The Efficacy and Safety of Autologous Stem Cell Transplantation (ASCT) in Frontline Therapy of Patients With High-Risk Diffuse Large B-Cell Lymphoma
The role of frontline therapy of autologous stem cell transplant (ASCT) in diffuse large B-cell lymphoma (DLBCL) is controversial. The investigators aim to conduct this prospective study to observe the efficacy and safety of ASCT as frontline therapy in DLBCL patients with high-risk disease, defined by an International Prognostic Index (IPI) score equal to or greater than three.
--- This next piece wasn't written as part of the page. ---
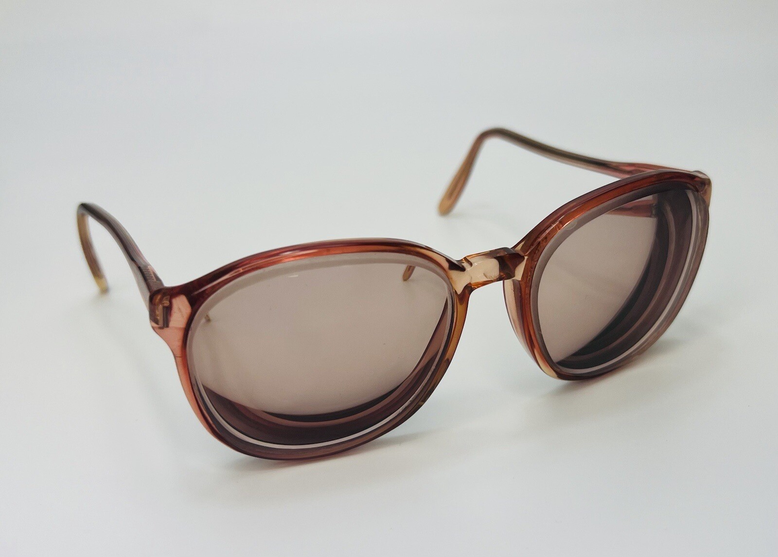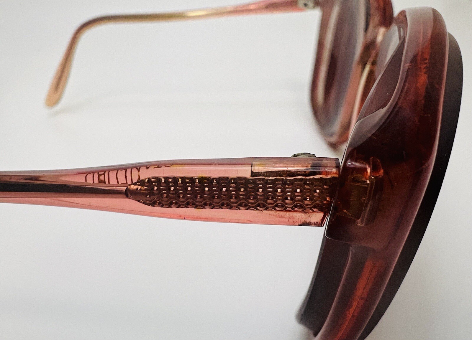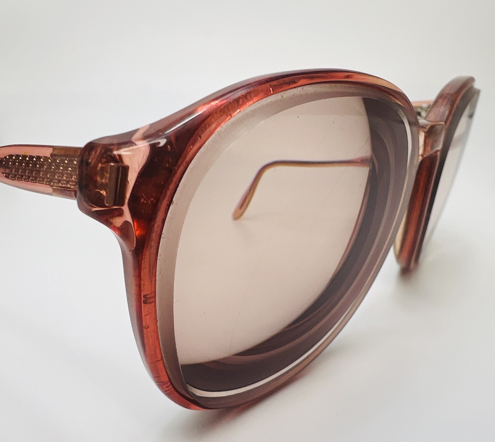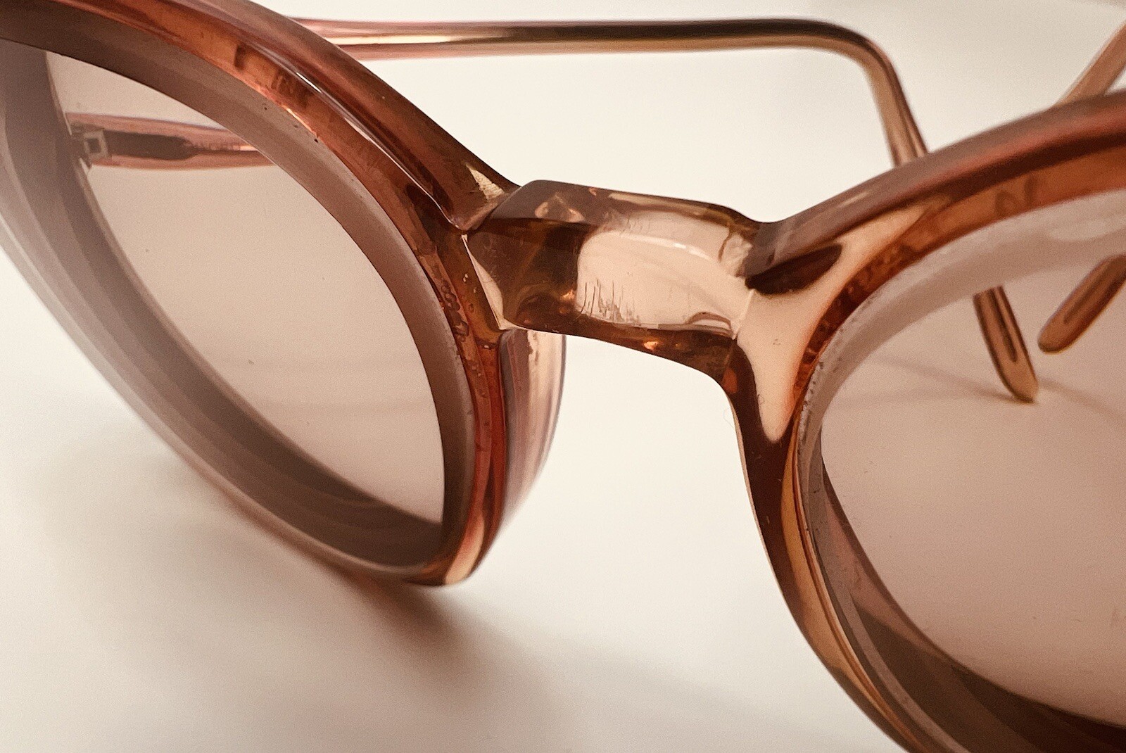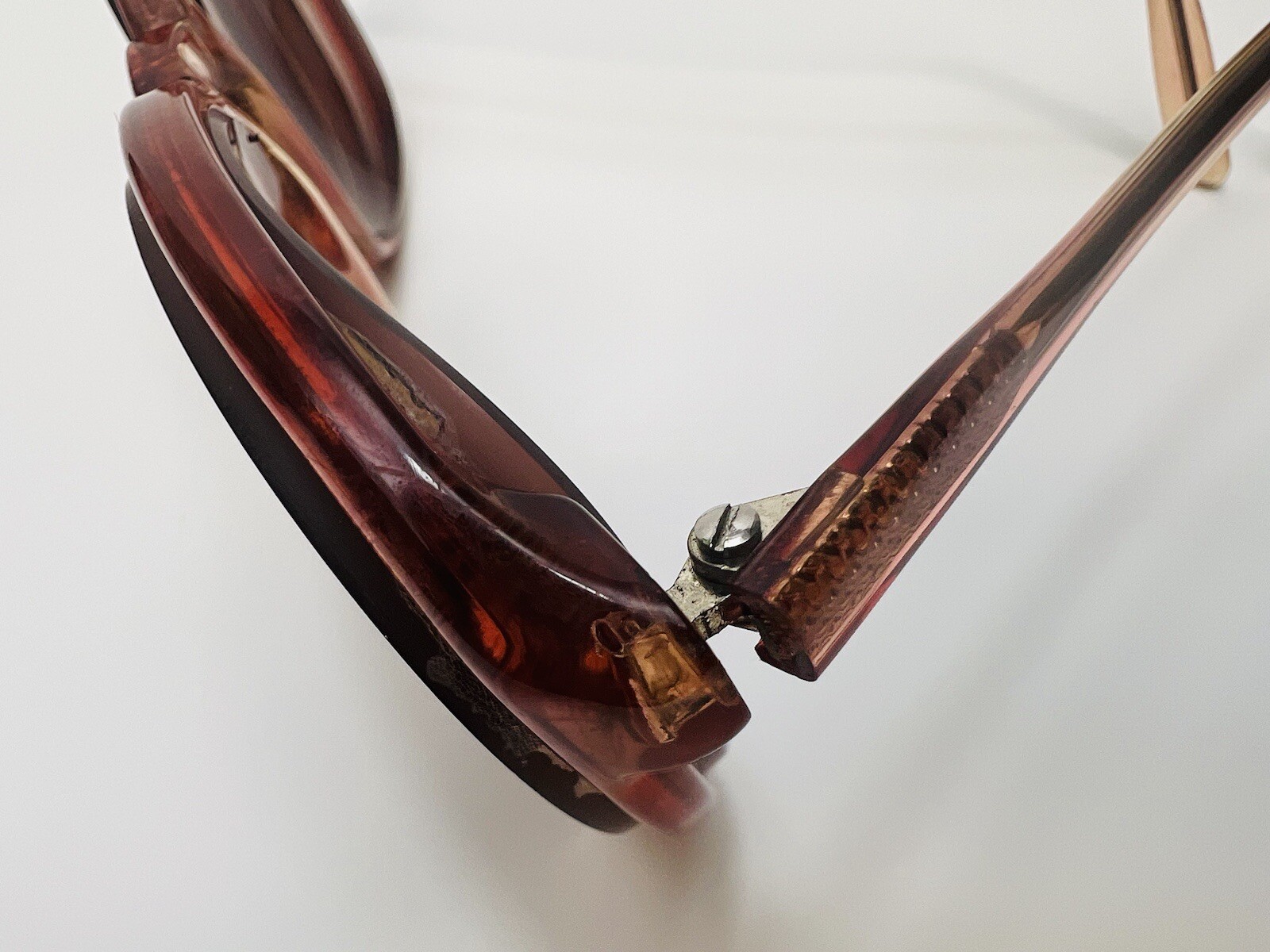 как выглядит Vintage Designer Sanford Hutton Red Salmon Round Horned Sunglasses Frames ONLY фото
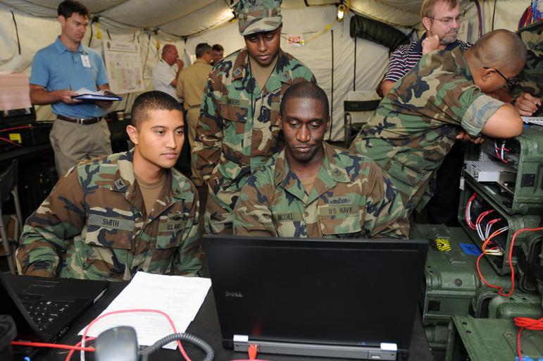 Keywords: US Navy 110720-N-LW591-008 Sailors test communications equipment during Trident Warrior 2011 at Joint Expeditionary Base Little Creek-Fort Story.jpg en VIRGINIA BEACH Va July 20 2011 Information Systems Technician 2nd Class Michael Smith left assigned to Riverine Squadron RIVRON 3 Operations Specialist 2nd Class Denise Sanders assigned to Expeditionary Training Group and Operations Specialist 1st Class Robert McGill assigned to Navy Expeditionary Combat Command test communications equipment during Trident Warrior 2011 at Joint Expeditionary Base Little Creek-Fort Story Trident Warrior is an annual fleet experiment focusing on new technology U S Navy photo by Mass Communication Specialist 2nd Class Steven Hoskins/Released 2011-07-20 110720-N-LW591-008 Navy http //www navy mil/view_image asp id 104624 U S Navy photo by Mass Communication Specialist 2nd Class Steven Hoskins PD-USGov-Military-Navy Joint Expeditionary Base Little Creek-Fort Story Trident Warrior 2011 |

• Previously untreated participants with cluster of differentiation 20 (CD20)-positive DLBCL, including one of the following diagnoses by 2016 World Health Organization (WHO) classification of lymphoid neoplasms: DLBCL, not otherwise specified (NOS) including germinal center B-cell type, activated B-cell type; T-cell/histiocyte-rich large B-cell lymphoma; Epstein-Barr virus-positive DLBCL, NOS; anaplastic lymphoma kinase (ALK)-positive large B-cell lymphoma; human herpesvirus-8 (HHV8)-positive DLBCL, NOS; High-grade B-cell lymphoma with MYC and B-cell lymphoma 2 (BCL2) and/or B-cell lymphoma 6 (BCL6) rearrangements (double-hit or triple-hit lymphoma); High-grade B-cell lymphoma, NOS
• Measurable tumor assessed by Lugano Response Criteria
• International Prognostic Index (IPI) score equal to or greater than 3 points
• Adequate hematologic function
• Adequate liver function
• Adequate kidney function
• Left ventricular ejection fraction (LVEF) \>/= 50 percent (%) on cardiac echocardiogram (ECHO)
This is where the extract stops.